Jumat, 18 Februari 2011

PENGALAMAN TERKAIT DENGAN KEYAKINAN ISLAM

Hampir seluruh agama-agama besar di dunia memiliki pengalaman terlibat dalam konflik teologis sepanjang sejarahnya. Misalnya agama Islam yang sampai dekade ini masih belum menemukan kepercayaan antar sesama penganutnya untuk membangun kesepakatan kolektif menghentikan pertikaian. Dalam Islam, ketegangan masih berlanjut dengan diam-diam atau terang terangan hingga kini.
Disadari atau tidak, agama-agama besar atau faksi-faksi di dalamnya telah menyeret agama untuk bertahan hidup dalam suasana yang tidak wajar. Tafsir manusia telah menggantikan daulat Tuhan untuk menentukan yang benar dan yang salah, yang baik dan yang jahat, yang boleh dan yang terlarang, termasuk untuk menghukum mereka yang tidak mengakuinya dengan memerangi, membunuh dan menghancurkan. Pergeseran dari ajaran Tuhan yang terbuka menjadi ajaran yang tertutup di tangan “pemimpin” agama seringkali terjadi begitu halus dan tidak disadari. Yang kemudian terjadi adalah agama menjadi kendaraan untuk kepentingan yang bukan merupakan bagian dari misi awal ajaran agama tersebut. . Sejumlah “pemimpin” agama telah memunculkan faham keagamaan tertentu sebagai sebuah wacana yang tengah meminggirkan wacana-wacana lain, sehingga faham tersebut tidak sekadar merupakan faham keagamaan, namun juga merupakan kekuasaan.
Badai konflik teologis dalam sejarahnya umat Islâm tidaklah semata-mata berawal dari cara pandang keagamaan semata-mata, namun juga berawal dari ekspresi politik yang muncul pada dekade awal yang membelah umat dalam faksi-faksi.
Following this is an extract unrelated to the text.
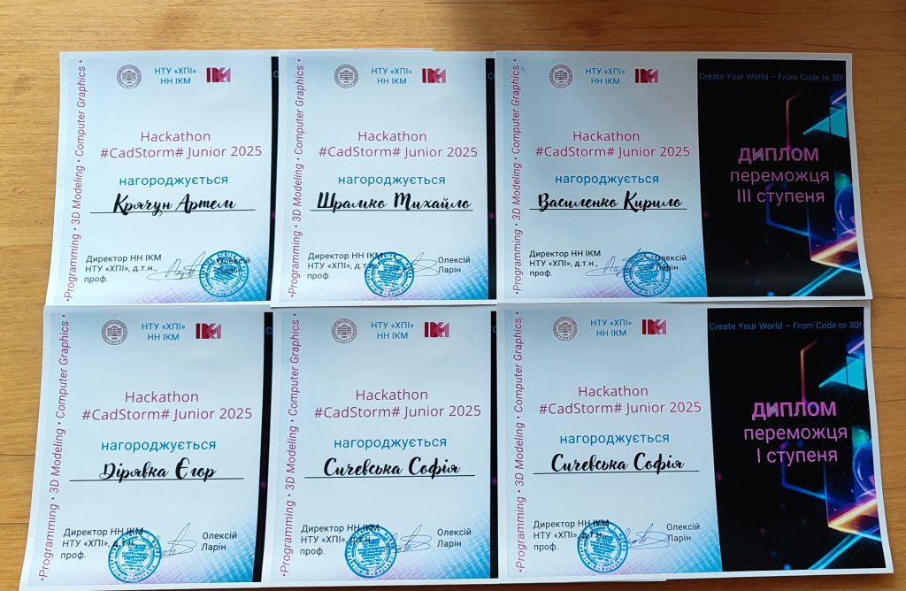 Журі зокрема наголосило на високому рівні мотивації, креативності та практичних навичок учасників. Переможці отримали призи від партнера, компанії SoftServe, сертифікати та надруковані 3D-моделі власних проєктів. У результаті заходу школяри побачили практичну сторону навчання на спеціальності F3 «Комп’ютерні науки». Вони дізналися, як знання з програмування, алгоритмів, комп’ютерної графіки та моделювання поєднуються у реальних проєктах і відкривають шлях до професій у сферах IT-розробки, геймдеву, AR/VR-технологій, інженерного проєктування, цифрового дизайну та наукоємних індустрій. Саме на цих напрямах зосереджена освітня підготовка в Інституті комп’ютерного моделювання, прикладної фізики та математики «ХПІ», де студенти з перших курсів працюють з інструментами та підходами, затребуваними на сучасному ринку праці.

Ekspresi politik muslim dalam perkembangannya memuat kompetisi dan persaingan sampai dengan penafsiran simbol-simbol demi penguasaan atas institusi-institusi formal dan informal untuk mendukung penafsiran simbol dan kekuasaan. Gagasan-gagasan lain terus bermunculan yang disamping berbicara tentang pro kontra kekuasaan juga memunculkan pemikiran-pemikiran teologis baru. Secara bergantian aliran ini menjadi aliran resmi negara, tergantung pada kekuatan yang memenangkan perebutan kekuasaan.
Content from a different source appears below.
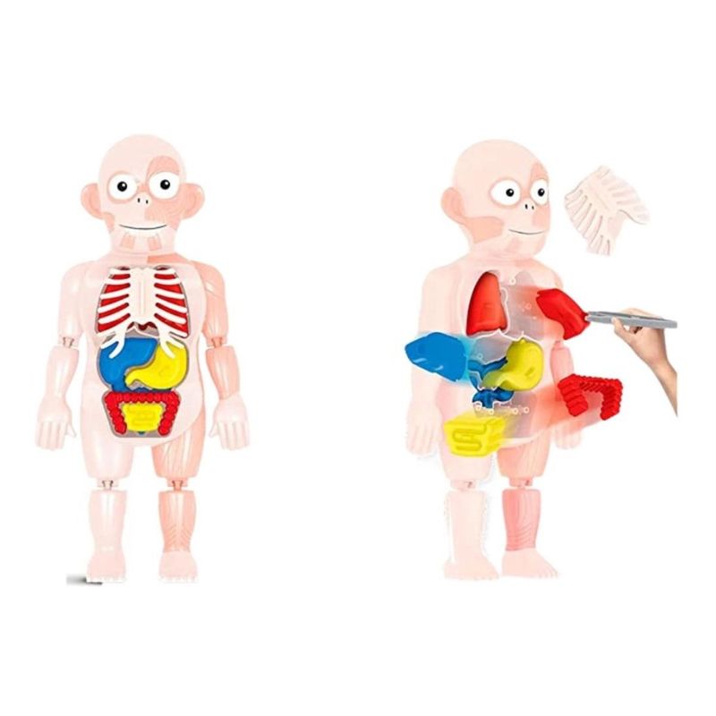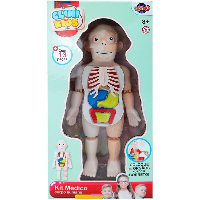 Acompanha pinça, 1 modelo de corpo humano, 02 pernas, 02 braços, 12 órgãos de brinquedo. Seu filho vai adorar brincar de médico, além de aprender o lugar de cada órgão.

Ini melainkan sekadar memotret pengalaman pada sebuah agama yang tak juga lepas dari persoalan ini, Islam. Pendekatan sejarah dan interpretasi sosiologis adalah pilihan metode yang digunakan untuk dapat mengungkap akar-akar konflik teologis.
Dasar yang kita ajukan adalah rasa perlu untuk membangun tatanan masyarakat dunia menjadi lebih baik. Padahal, keragaman sebenarnya adalah suatu fakta, sesuai dengan realitas sosial yang kita temukan. Sementara cita-cita penyeragaman dalam gagasan keagamaan kita dengan semangat ekslusifisme adalah pekerjaan menentang realitas sosial yang ada.
Kalau pun ada kompetisi, semestinya adalah kompetisi yang alamiah, dimana manusia memilih untuk “beragama” atas dasar pilihannya sendiri. Bukankah yang penting adalah penghayatan terhadap Tuhan yang dimunculkan dalam sikap hidup yang ilahiah, dimana agama adalah sesuatu yang pragmatis sebagai jalan meretas hubungan dengan Tuhan.
Namun gejala ke arah kesempitan pandangan dalam hal melihat perbedaan atau hubungan umat beragama masih terjadi, baik dalam skala kecil atau besar. Belum jelas, apakah hal ini berakar dari keimanan yang dangkal dan kematian akal intuitif serta nalar logis. Saya tidak berani mengambil kesimpulan bahwa kita saat ini mengalami problem yang serius dalam relasi umat beragama. Yang saya rasakan, kita memang memiliki problem itu, diakui atau diingkari. Tinggal sejauhmana keinginan untuk mengungkap dan menyelesaikannya.